Gumroad is a year old, today.
A year ago I spent a Friday night designing a pencil icon. It took me four hours. At the end of it, I had a beautiful photo-realistic pencil. But I lost four hours. I really wished I had a Photoshop file before I had started, so I wouldn’t have had to spend four hours learning.
Wait a second…
I had a file! I followed a bunch of designers on Twitter. Maybe a bunch of people like me… followed me. I didn’t think this was a ridiculous assumption, so I decided to try selling that pencil icon.

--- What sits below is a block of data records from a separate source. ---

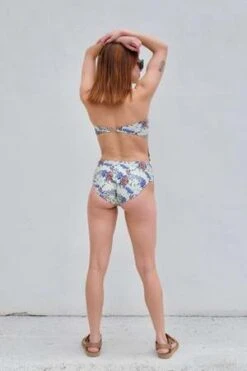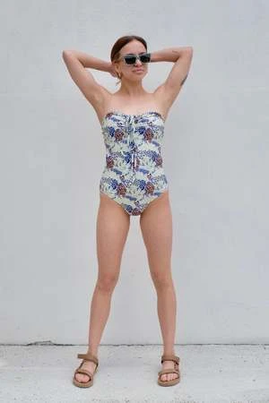 Floral printed one piece monokini. Designed with adjustable halter tie strap, front ruching, and cutout back. Moderate coverage. Fully lined. Also makes a great bodysuit.
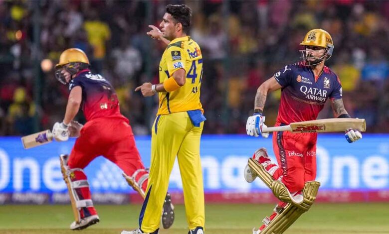 रॉयल चैलेंजर्स बेंगलुरु और चेन्नई सुपर किंग्स के बीच शनिवार को आईपीएल 2025 का 52वां मुकाबला एम चिन्नास्वामी स्टेडियम में खेला जा रहा है। रॉयल चैलेंजर्स बेंगलुरु ने पहले बल्लेबाजी करते हुए 20 ओवर में पांच विकेट खोकर 213 रन बनाए। विराट कोहली ने 62 और जैकब बेथल ने 55 रन बनाए। चेन्नई के लिए पथिराना ने तीन विकेट लिए। बेंगलुरु ने अंतिम दो ओवर में शेफर्ड की बदौलत 54 रन बनाए।
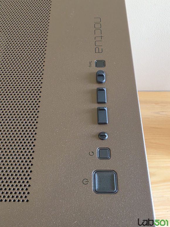 Conectica este montata pe latura superioara a carcasei, Antec Flux Pro Noctua Edition fiind prima carcasa testata de mine unde fiecare conector este protejat cu ajutorul unei insertii de cauciuc. Aici gasim 2 conectori USB 5Gbps, 1 conector USB-C 10Gbps, butonul Power, butonul Reset, conectorul audio in/out si un buton cu ajutorul caruia putem ajusta turatia ventilatoarelor.
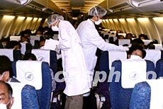 廣州四月底加強口岸防治“非典”力度,白云機場向入境旅客發放“入境健康申明卡”。作者:白云

It turns out, that was pretty hard.
There are traditionally two ways to sell something online. The marketplace model, which is the online equivalent of a megastore filled with small little shops. A souk. It didn’t make sense for what I wanted to sell, and the fees are normally pretty high. And then there’s the personal website model. That made more sense!
So I tried it. I spent many hours figuring out how to set up a simple HTML page that let you pay me $1. And then I created another page with the download link. And then I spent way too much time trying to tie in PayPal and building in security for the end link. In the end, I gave up. And I already knew how to code, I had a domain, and I already had a website set up! Ridiculous. Imagine my mom trying to sell something online? Yeah, good luck.
Why is selling so hard? Sharing is so easy!
If the ability to communicate, and to own your own distribution is now available to everyone, I felt as if the ability to sell should be too. Why was selling so much harder than sharing? In my mind, it shouldn’t be. The only difference should be a credit card form.
So I built it. That Friday night I called my mom, told her about it, and she told me to stop talking to her about it and just build it instead. So I did. I started working on it, and I spent that whole weekend obsessed with it.
I spent the whole day Saturday, and the whole day Sunday, building it. I picked the only domain I had on Godaddy that was generic enough for it, and had it ready to go by Sunday night. That was a fun weekend.
The launch.
I “launched” by selling that pencil icon. You can still get it today. I tweeted about it, and posted about Gumroad on Hacker News.
It did well. It got a bunch of upvotes and ended up getting around 50,000 page views on that first day.
There was something here! At the time I was full-time at Pinterest which was also doing (really) well so I put it on the back burner.
But that’s the story about how Gumroad came to be.